Изменить стиль страницы

Так развеялась последняя надежда недовольных. После трагической гибели Максимилиана Франц Иосиф I под предлогом придворного траура запретил красный цвет. Черно-желтый траур стал официальным цветом. Отныне пунцовый — колышащийся флаг энтузиазма лишь тайно бился в сердцах его приверженцев. И все-таки Демиургу не удалось окончательно извести его из природы. Ведь потенциально его в себя включает солнечный свет. Достаточно на весеннем солнце закрыть глаза, чтобы тут же под веками впитывать этот цвет волна за волной. Именно эта краснота начерно сжигает фотобумагу в весеннем сиянии, перехлестывающем все границы. Быки, которых с досками на рогах ведут по залитой солнцем городской улице, видят эту красноту в ярких полотнищах и наклоняют головы, готовые к атаке на воображаемых тореадоров, что в панике сбегают с пламенных арен.

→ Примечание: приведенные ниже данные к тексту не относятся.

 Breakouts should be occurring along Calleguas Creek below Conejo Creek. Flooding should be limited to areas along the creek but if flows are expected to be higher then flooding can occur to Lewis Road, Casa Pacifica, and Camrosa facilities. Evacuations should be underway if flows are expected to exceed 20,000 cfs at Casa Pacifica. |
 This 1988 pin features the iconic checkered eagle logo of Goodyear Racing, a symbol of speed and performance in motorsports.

Иногда весь день проходит в ярких солнечных взрывах, в нагромождениях облаков, обведенных по контуру хроматическим сиянием, проходит исполненный выламывающейся по всем краям краснотой. Люди бродят, одурев от света, с закрытыми глазами, и внутри у них взрываются ракеты, римские свечи и бочонки с порохом. Потом, под вечер, этот ураганный огонь света утихает, горизонт округляется, хорошеет и наполняется лазурью, точно огромный стеклянный шар с миниатюрной сияющей панорамой мира, с блаженно упорядоченными планами, над которыми, словно последний венец, выстраиваются по окоему облака, развернутые длинным рядом, как рулоны золотых медалей или звуки колоколов, что дополняют друг друга в алых литаниях.

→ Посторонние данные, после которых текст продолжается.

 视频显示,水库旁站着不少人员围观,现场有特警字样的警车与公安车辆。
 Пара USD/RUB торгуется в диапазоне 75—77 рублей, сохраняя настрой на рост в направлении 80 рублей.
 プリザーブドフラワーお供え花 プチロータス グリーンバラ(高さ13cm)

Люди молча толпятся на рыночной площади под этим гигантским светоносным куполом, невольно группируются и устанавливаются в огромном молчаливом финале, в сосредоточенной сцене ожидания, облака вздымаются розово, еще розовей, у всех на самом дне глаз глубокий покой и отблеск светящейся дали, и вдруг — пока они так ждут — свет достигает своего зенита, дозревает за два-три последних мгновения до наивысшего совершенства Сады окончательно аранжируются в хрустальной чаше горизонта, майская зелень пенится и кипит искристым вином, чтобы через минуту перелиться через края, холмы формируются наподобие облаков; перейдя через высочайшую точку, красота мира отделяется и взлетает — входит безмерным благоуханием в вечность.

И покуда люди продолжают неподвижно стоять, опустив головы, еще полные светлых огромных видений, очарованные этим грандиозным сияющим взлетом мира из толпы неожиданно выбегает тот, кого неосознанно ждали, — запыхавшийся гонец, весь розовый, в прекрасном малиновом трико, обвешанный бубенчиками, медалями и орденами; он бежит по чистой рыночной площади, окруженной тихой толпой, бежит, весь еще полный полета и благовестности — приложение сверх программы, чистая прибыль, отвергнутая этим днем, который так удачно сберег ее из всего сверкания. Шесть и семь раз обегает он площадь 200 прекрасными мифологическими кругами, плавно скругленными и красиво описанными. У всех на глазах он медленно бежит, опустив, словно бы пристыженный, веки, держа руки на бедрах. Несколько грузноватый живот свисает, сотрясаясь от ритмичного бега. Побагровевшее от напряжения лицо блестит капельками пота над черными босняцкими усами, а медали, ордена и бубенчики мерно подпрыгивают над бронзовым вырезом, как свадебная упряжь. Издалека видно, как, закругляя на углу параболически напряженную линию, он приближается вместе с янычарским оркестром своих бубенцов, прекрасный, как бог, неправдоподобно розовый, с неподвижным торсом и, искоса поблескивая глазами, отбивается арапником от стаи облаивающих его собак.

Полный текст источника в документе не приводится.